Modern businesses have access to massive amounts of data, both structured and unstructured, and simply determining what data are relevant and what are not constitutes a challenge. Once identified, ways must be found to collect and then store the raw data, process it so that it is in a form that can be analyzed, and then explore and analyze it using the most appropriate techniques, which must be determined. Typically, a firm’s upper management will not have extensive expertise in the computer architectures used to store and manipulate the firm’s data or the statistical techniques used to derive meaning from it and convert it into information. Thus, data visualization has come to the fore. Infographics and visual presentations that make the data “tell a story” allow communication of information to upper management in ways that are meaningful and yet make the smaller steps required to obtain it largely transparent.

More specifically, data analysis can be divided into different categories. Data exploration represents an early stage in the process, during which a researcher attempts to discern patterns, determine what parts of the data are of value, and determine what more data may be necessary in furthering the goal for which the data were collected.

Inferential statistics seeks to prove inferences with respect to data and is a form of confirmatory analysis. Predictive analysis seeks to predict future outcomes through past data, as in forecasting, of which linear regression is an example. Categorical analysis, of which machine learning is an example, is another form of prediction; a frequently seen example of this concerns “churning,” mobile phone users that switch carriers.

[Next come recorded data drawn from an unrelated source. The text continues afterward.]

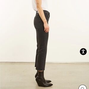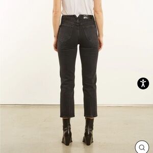 EUC size 28. Meet our Crop Straight Leg Denim. A high-rise straight leg jean that hugs the natural waist. Features a relaxed fit down the leg ending with clean hem above the angle. Wear these with a fitted tee and flats for a classic look, or a chunky sweater and sneakers for a dressed down vibe.
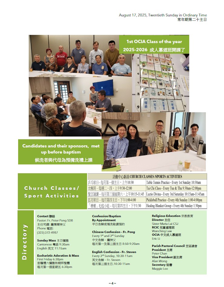 3)CCALA will hold its annual celebration and fundraising dinner on Saturday, October 11, 2025, at the Hilton San Gabriel Hotel. This year’s theme, “Celebrating The Jubilee Together in Gratitude!”, commemorates 86 years of spiritual growth and community in God’s grace. The event promises an evening filled with joyful fellowship, a refined banquet, captivating performances, raffle prizes, and group activities. Tickets is on sale. All are warmly invited to join with friends and loved ones. For more information, please refer to event flyer, contact Winnie Chang or Richard Cheung, or follow St Bridget Chinese Catholic Church on social media. We eagerly await sharing this grace-filled and joyous night with you!
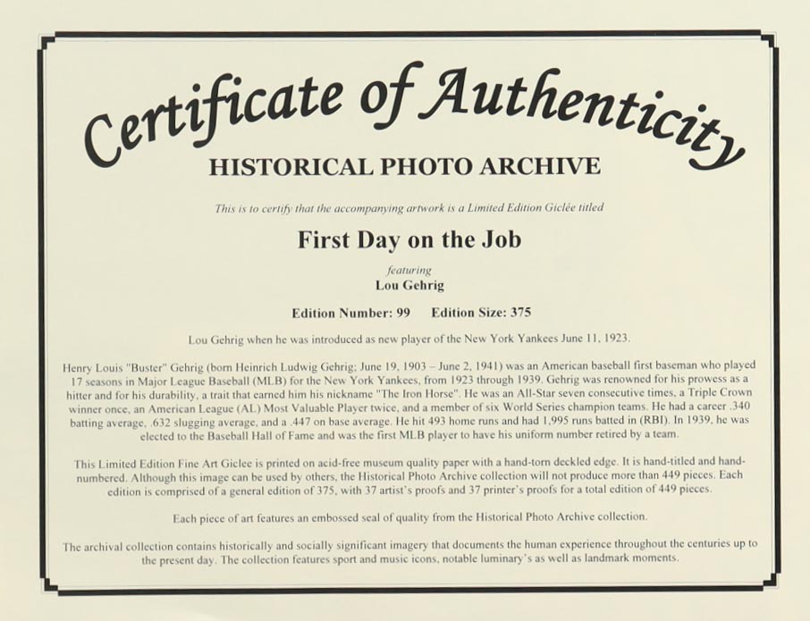 Historical Photo Archive - Lou Gehrig "First Day on the Job" 1923 Limited Edition 16x22.5 Fine Art Giclee on Paper # 99 /375
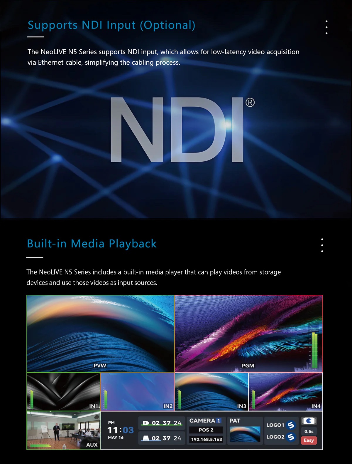 NeoLIVE N5 ซีรีส์ ขอแนะนำเครื่องสลับสัญญาณออกอากาศแบบมัลติฟังก์ชันรุ่นใหม่ที่อัปเกรดแล้ว
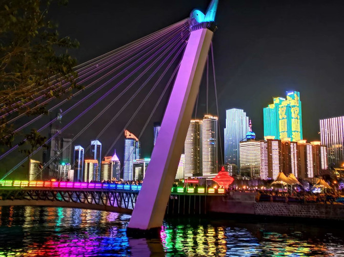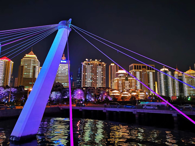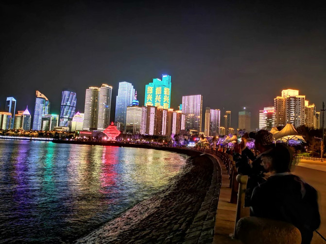 虽然没有看到灯光秀,但青岛的夜景非常美丽,胜过白天的船游,璀璨的夜景也是钱堆出来的。祖国的每个城市,对打扮自己的外貌从不吝啬,因为这是展现给外人看的、体现国力雄厚不可或缺的。
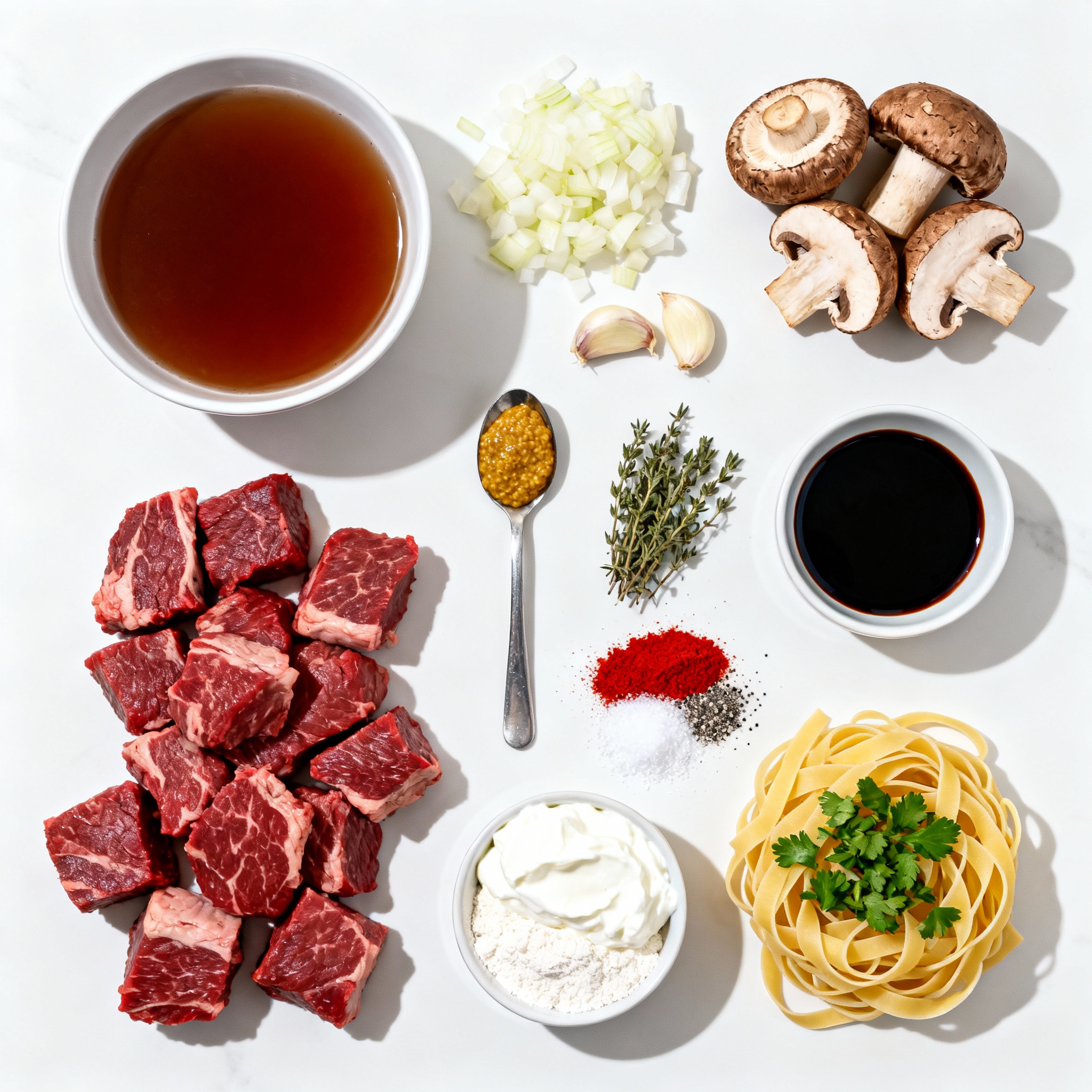 With these ingredients, I know my stroganoff will be hearty and delicious. Each bite is a blend of flavors that warms the soul.
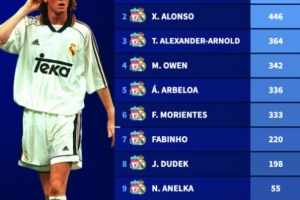 體育資訊11月5日訊 作為歐洲足壇兩大豪門,利物浦和皇馬曾吸引諸多球星效力。德國轉(zhuǎn)會市場盤點了在兩隊均有效力的球員總出場次數(shù)排行,麥克馬納曼為兩隊共出場522次居首,皇馬主帥阿隆索則以446場位居次席。
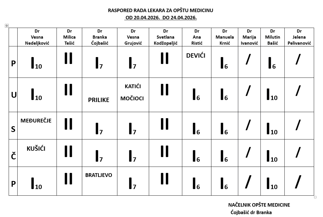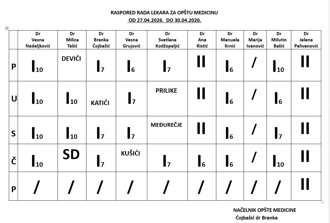 Preuzmite dokument : Raspored rada lekara za opštu medicinu
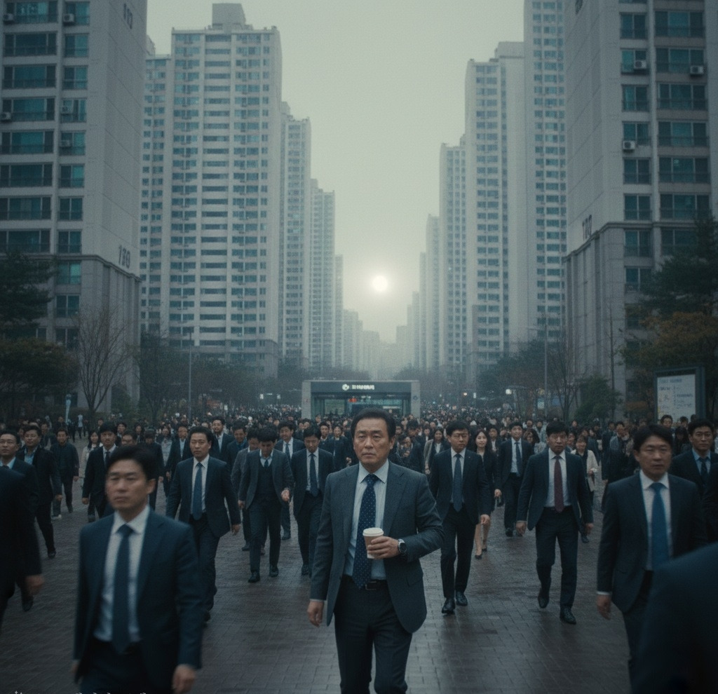 회색 콘크리트 건물들 사이로 아침 7시의 출근 인파가 쏟아져 나왔다.

Identifying users who are more likely to switch when their contracts expire is an important concern of carriers, as the new user market is saturated. Another classification of methods is supervised versus unsupervised. Methods which have a specific target, such as identifying mobile phone users likely to churn, is an example of supervised learning, whereas clustering, which has no predetermined target but simply groups data based on the data’s own characteristics, is unsupervised learning. With the rise in social media such as Facebook and Twitter, textual analysis has become important. Text represents unstructured data, and its analysis concerns identifying patterns within text.

Firms specializing in helping business satisfy their data collection, storage, and analysis needs have arisen. Some specialize in hardware, and others in software. Cloud services incorporate both hardware and software, with software as a service (SaaS), infrastructure as a service (IaaS), and information technology management as a service (ITMaaS) all being part of the general term cloud services. Major advantages accrue to companies purchasing these services from other companies. They do not have to make massive IT expenditures and keep up with rapidly changing technology.

Among the major companies involved in data analysis are Hewlett-Packard (HP), IBM, EMC, Oracle, Microsoft, Google, SAP, SAS, and Amazon. Most of these offer computing platforms, which enable data storage as well as analytics. SAS is an exception, offering only software and is the premier statistical computing software worldwide. Some companies, such as EMC, specialize in storage, whereas others, Teradata for instance, specializes in analytics.

Still others, such as Google, are more cloud based but do offer some data analytics capabilities. Amazon Web Services offers several platforms for Big Data analysis, including a Hadoop-based mapreduce. Lesser known companies are Splunk, MemSQL, Palantir Technologies, Trifacta, Datameer, Tamr, Neo Technology, and DataStax.